Fibroblast activation protein (FAP) is overexpressed in cancer-associated fibroblasts across a broad range of solid tumors including breast cancer, lung cancer, colorectal cancer, pancreatic cancer, gastric cancer, and hepatocellular carcinoma, while showing limited expression in normal adult tissue — making it a selective target for theranostic radiopharmaceutical development.
A theranostic agent combines diagnostic imaging and therapeutic functions in a matched pair — typically a radiolabeled molecule that can first be used for PET or SPECT imaging to confirm target expression, then administered in a therapeutic formulation using a different radionuclide to deliver tumor-localised radiation. FAP-targeted theranostics follow the same paired-isotope paradigm established by PSMA-targeted agents such as lutetium-177-PSMA-617, which received FDA approval in 2022 for metastatic castration-resistant prostate cancer.
The Radionuclide Toolkit: Diagnostic and Therapeutic Isotopes in FAP Antibody Programs
FAP-targeted radiolabeled antibody programs use distinct radionuclides for imaging versus therapy, with the choice of isotope dictating the clinical application, dosimetry, and manufacturing requirements. The radionuclide landscape for anti-FAP antibodies spans at least seven isotopes across both modalities.
For diagnostic immunoPET imaging, 89Zr and 64Cu are the most widely studied isotopes. A preclinical study of a 89Zr-labeled anti-FAP antibody — using deferoxamine (DFO) chelation — demonstrated specific uptake in FAP-expressing xenograft tumors with high tumor-to-background ratios in biodistribution and PET imaging studies, supporting its potential as a diagnostic imaging agent. The longer half-life of 89Zr (78.4 hours) is well matched to the slow pharmacokinetics of full IgG antibodies. 68Ga has also been explored for SPECT/PET applications with FAP-targeting molecules, as covered in Novartis AG’s patent portfolio.

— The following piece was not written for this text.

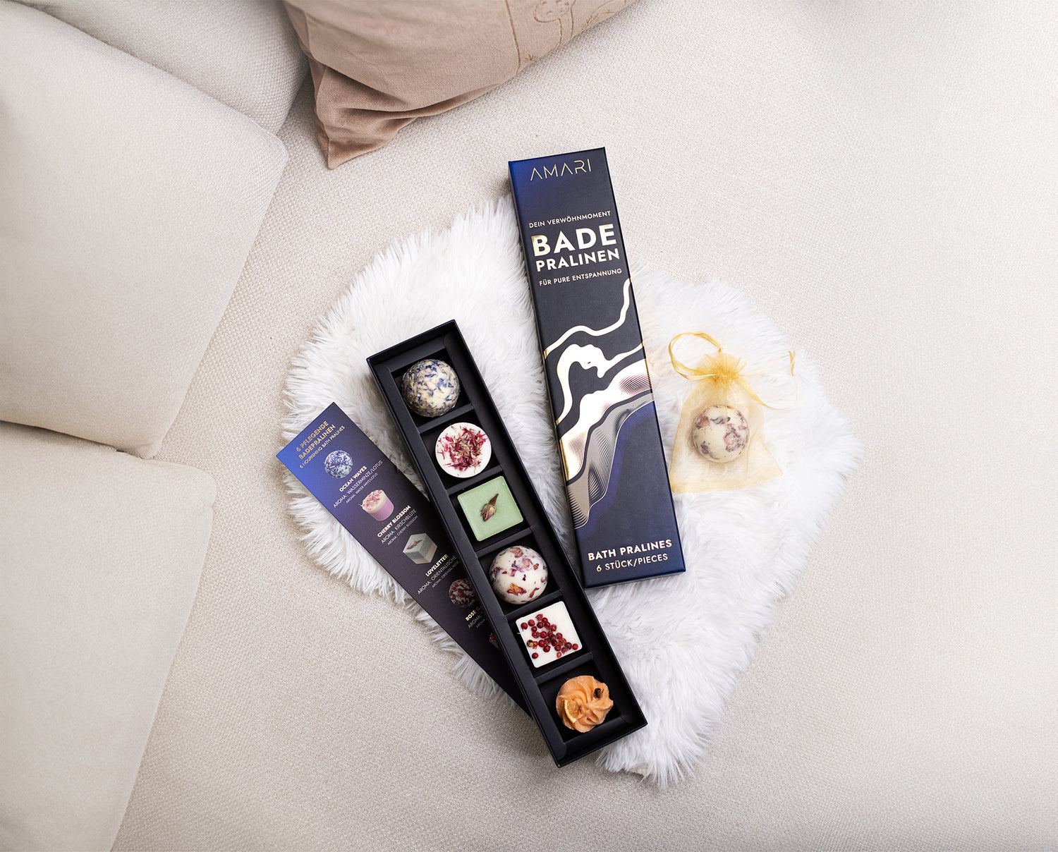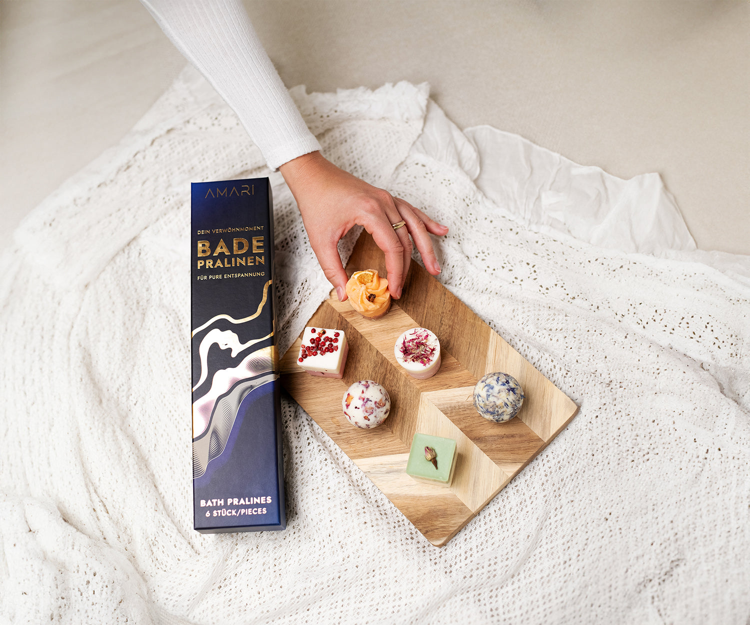 6 handverlesene Badepralinen bieten für jede Stimmung das richtige Aroma.

On the therapeutic side, 177Lu is the most clinically advanced isotope for FAP-targeted radioimmunotherapy. Preclinical and early clinical evaluation of a 177Lu-labeled anti-FAP antibody demonstrated specific uptake in FAP-expressing tumors, tumor growth inhibition in xenograft models, and acceptable safety profiles in patients with advanced solid tumors. Alpha-emitting isotopes 225Ac and 213Bi — as well as lead-212 (212Pb) — are also covered in key patent filings, reflecting interest in higher-LET (linear energy transfer) radiotherapy for FAP-positive tumors. Memorial Sloan Kettering Cancer Center’s patent program explicitly covers 211At as well, extending the alpha-emitter toolkit.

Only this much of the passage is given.